## Material provided
=-=-=-=-=
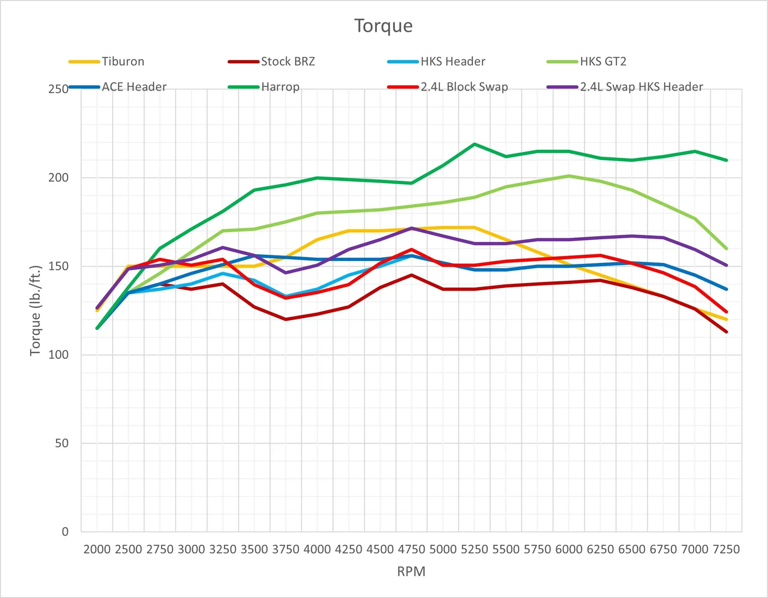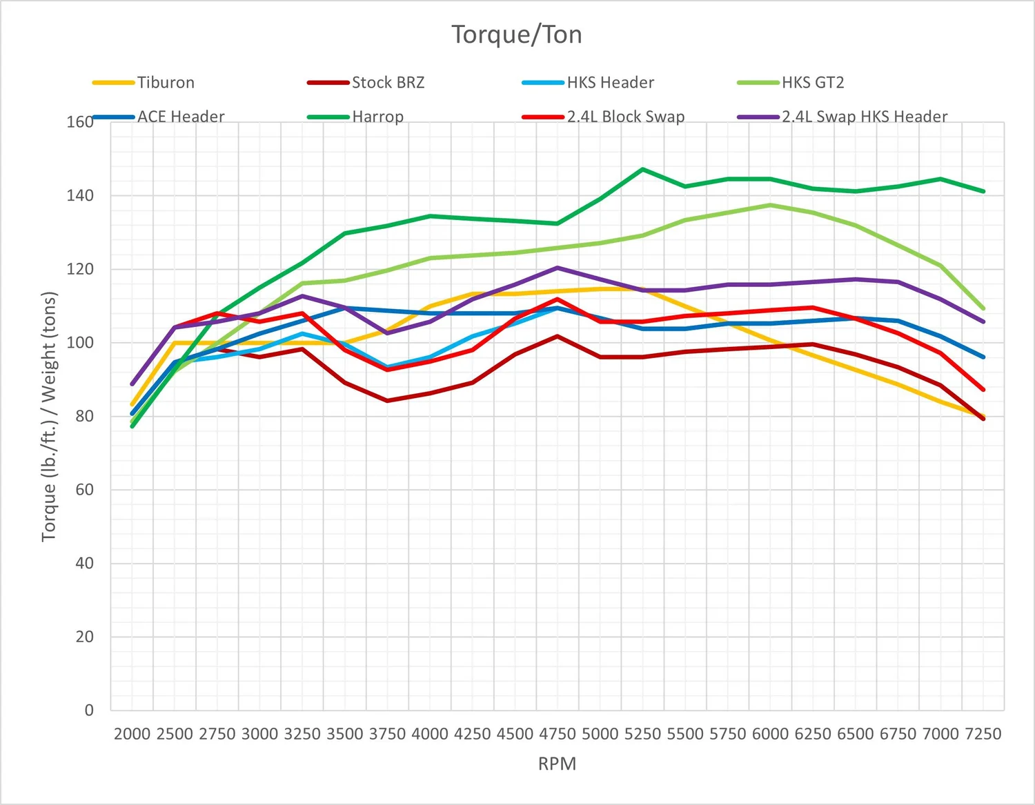 ![]() Torque Per Ton (2000 lbs.) Curb Weight Chart ![]() These two are just the raw torque numbers, and the raw torque per ton of curb weight. No surprise, the stock BRZ is WAY below the 2.7L V6 Tiburon on raw numbers until the very upper reaches of the rev range. With weight taken into account, it pretty much agrees with my seat-of-the-pants feel comparing the stock BRZ and the Tiburon as they pull through the revs - it feels pretty close until the BRZ hits the torque dip at 3250 rpm, and then from there until about 6000 rpm the Tiburon just crushes it. A bit disappointing to see that even the unicorn ACE A350 header falls behind the Tiburon from 4000-5750 rpm, but should feel much stronger than the Tiburon above and below that range. Other than at the very bottom of the rev range (where my estimated numbers could be WAY off), the 2.4L swap numbers pretty closely match the FA20/HKS header's, staying close to the Tiburon below 3500 rpm, then falling significantly behind from there to 5500 to 5750 rpm or so. The 2.4L Swap HKS Header gets really interesting, as it is within striking distance of the superchargers below 3000 rpm, and MUCH stronger than the Tiburon pretty much everywhere except giving up a tiny bit from 3750-4250 rpm. Aside from the very low revs with the 2.4L swaps, the superchargers, as expected, obliterate the other options everywhere. On to the charts adjusted for gearing vs. the Tiburon - this is where most of you will likely not care about the comparison anymore...LOL
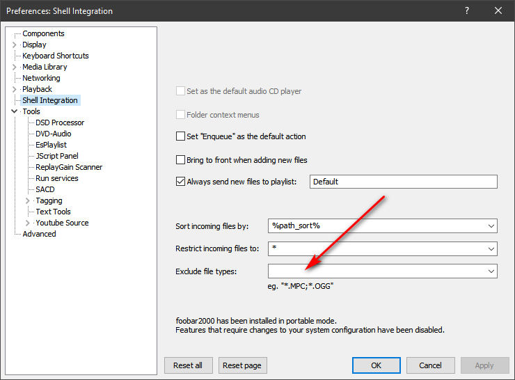 А как вы добавляете файлы в плейлист? Перетаскиваете (drag and drop) каталог с музыкальными файлами из проводника винды в плейлист фубара?softvip:Так и стоит, но вроде мне кажется нужно исключить .ape, чтобы тот не появлялся?
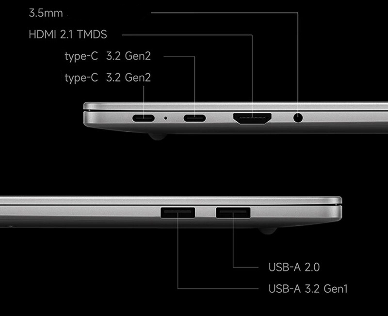 Несмотря на небольшой размер ноутбука, он получил все необходимые разъемы: два Type-C 3.2 Gen 2, HDMI 2.1, mini jack 3,5 мм, USB-A 2.0 и USB-A 3.2 Gen 1.
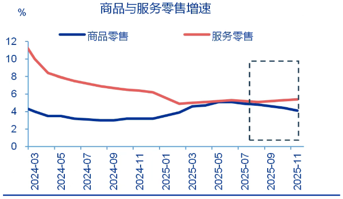 过去几年,服务消费的增长趋势要好于商品消费。如下图所示,根据申万宏源的数据,2024年3月以来,服务消费各月份增速均高于商品消费增速。
=-=-=-=-=
The result should be a verbatim copy of the data, free of pictures.

 ![]() Torque Per Ton (2000 lbs.) Curb Weight Chart ![]() These two are just the raw torque numbers, and the raw torque per ton of curb weight. No surprise, the stock BRZ is WAY below the 2.7L V6 Tiburon on raw numbers until the very upper reaches of the rev range. With weight taken into account, it pretty much agrees with my seat-of-the-pants feel comparing the stock BRZ and the Tiburon as they pull through the revs - it feels pretty close until the BRZ hits the torque dip at 3250 rpm, and then from there until about 6000 rpm the Tiburon just crushes it. A bit disappointing to see that even the unicorn ACE A350 header falls behind the Tiburon from 4000-5750 rpm, but should feel much stronger than the Tiburon above and below that range. Other than at the very bottom of the rev range (where my estimated numbers could be WAY off), the 2.4L swap numbers pretty closely match the FA20/HKS header's, staying close to the Tiburon below 3500 rpm, then falling significantly behind from there to 5500 to 5750 rpm or so. The 2.4L Swap HKS Header gets really interesting, as it is within striking distance of the superchargers below 3000 rpm, and MUCH stronger than the Tiburon pretty much everywhere except giving up a tiny bit from 3750-4250 rpm. Aside from the very low revs with the 2.4L swaps, the superchargers, as expected, obliterate the other options everywhere. On to the charts adjusted for gearing vs. the Tiburon - this is where most of you will likely not care about the comparison anymore...LOL
 А как вы добавляете файлы в плейлист? Перетаскиваете (drag and drop) каталог с музыкальными файлами из проводника винды в плейлист фубара?softvip:Так и стоит, но вроде мне кажется нужно исключить .ape, чтобы тот не появлялся?
 Несмотря на небольшой размер ноутбука, он получил все необходимые разъемы: два Type-C 3.2 Gen 2, HDMI 2.1, mini jack 3,5 мм, USB-A 2.0 и USB-A 3.2 Gen 1.
 过去几年,服务消费的增长趋势要好于商品消费。如下图所示,根据申万宏源的数据,2024年3月以来,服务消费各月份增速均高于商品消费增速。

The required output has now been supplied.